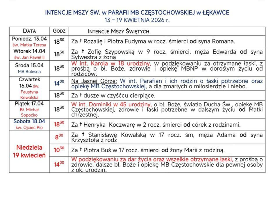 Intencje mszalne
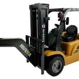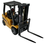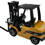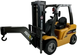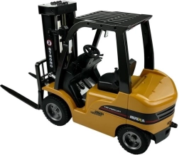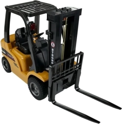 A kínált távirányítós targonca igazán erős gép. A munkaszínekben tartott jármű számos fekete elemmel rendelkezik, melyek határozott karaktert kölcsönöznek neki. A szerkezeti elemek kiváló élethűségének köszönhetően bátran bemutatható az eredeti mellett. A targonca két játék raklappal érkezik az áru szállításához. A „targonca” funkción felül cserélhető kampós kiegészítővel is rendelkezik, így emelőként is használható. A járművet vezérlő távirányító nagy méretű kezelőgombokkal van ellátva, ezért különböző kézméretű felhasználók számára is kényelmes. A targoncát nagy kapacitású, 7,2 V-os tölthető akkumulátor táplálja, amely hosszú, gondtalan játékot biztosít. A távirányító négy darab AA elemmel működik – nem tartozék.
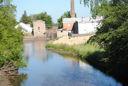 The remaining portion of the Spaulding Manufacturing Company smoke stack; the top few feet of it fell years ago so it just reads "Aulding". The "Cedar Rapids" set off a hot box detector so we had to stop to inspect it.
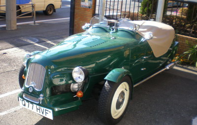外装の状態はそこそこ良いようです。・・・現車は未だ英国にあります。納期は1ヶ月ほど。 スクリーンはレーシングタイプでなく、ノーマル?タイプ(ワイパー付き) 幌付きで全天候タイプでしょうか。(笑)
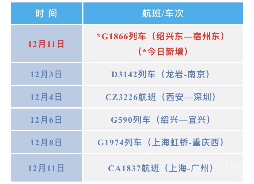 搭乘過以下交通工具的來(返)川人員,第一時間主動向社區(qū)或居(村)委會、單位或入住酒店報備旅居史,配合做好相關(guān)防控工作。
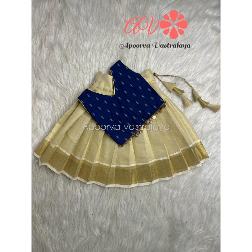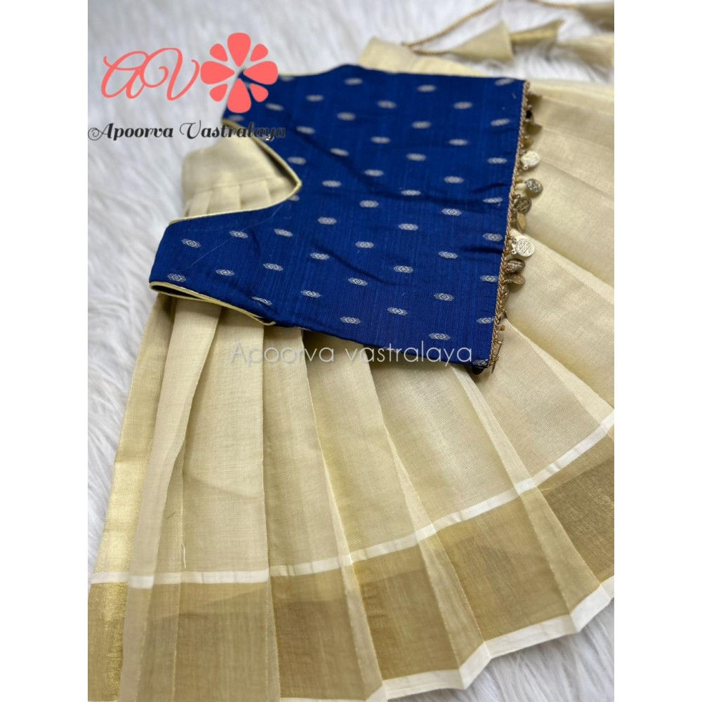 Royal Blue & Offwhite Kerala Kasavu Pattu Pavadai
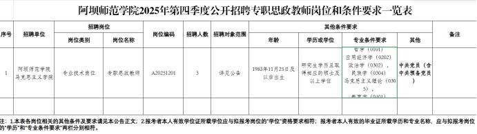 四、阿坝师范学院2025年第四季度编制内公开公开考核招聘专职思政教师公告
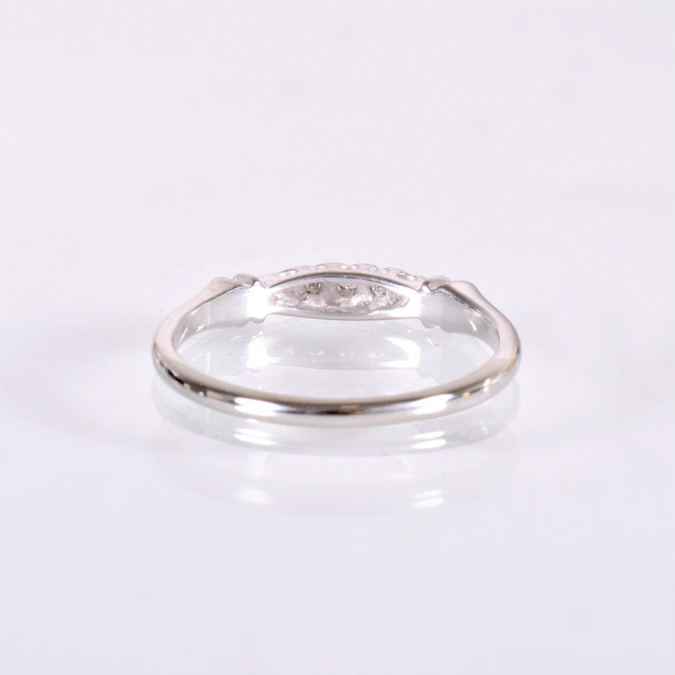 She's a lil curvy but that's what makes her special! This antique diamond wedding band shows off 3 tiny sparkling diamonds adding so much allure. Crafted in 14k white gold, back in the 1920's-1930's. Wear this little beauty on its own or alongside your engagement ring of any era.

——

**Exercise prompt**
Letter for letter, reproduce every record above and skip the pictures.

**Solution for this exercise**
 Intencje mszalne
 A kínált távirányítós targonca igazán erős gép. A munkaszínekben tartott jármű számos fekete elemmel rendelkezik, melyek határozott karaktert kölcsönöznek neki. A szerkezeti elemek kiváló élethűségének köszönhetően bátran bemutatható az eredeti mellett. A targonca két játék raklappal érkezik az áru szállításához. A „targonca” funkción felül cserélhető kampós kiegészítővel is rendelkezik, így emelőként is használható. A járművet vezérlő távirányító nagy méretű kezelőgombokkal van ellátva, ezért különböző kézméretű felhasználók számára is kényelmes. A targoncát nagy kapacitású, 7,2 V-os tölthető akkumulátor táplálja, amely hosszú, gondtalan játékot biztosít. A távirányító négy darab AA elemmel működik – nem tartozék.
 The remaining portion of the Spaulding Manufacturing Company smoke stack; the top few feet of it fell years ago so it just reads "Aulding". The "Cedar Rapids" set off a hot box detector so we had to stop to inspect it.
外装の状態はそこそこ良いようです。・・・現車は未だ英国にあります。納期は1ヶ月ほど。 スクリーンはレーシングタイプでなく、ノーマル?タイプ(ワイパー付き) 幌付きで全天候タイプでしょうか。(笑)
 搭乘過以下交通工具的來(返)川人員,第一時間主動向社區(qū)或居(村)委會、單位或入住酒店報備旅居史,配合做好相關(guān)防控工作。
 Royal Blue & Offwhite Kerala Kasavu Pattu Pavadai
 四、阿坝师范学院2025年第四季度编制内公开公开考核招聘专职思政教师公告
 She's a lil curvy but that's what makes her special! This antique diamond wedding band shows off 3 tiny sparkling diamonds adding so much allure. Crafted in 14k white gold, back in the 1920's-1930's. Wear this little beauty on its own or alongside your engagement ring of any era.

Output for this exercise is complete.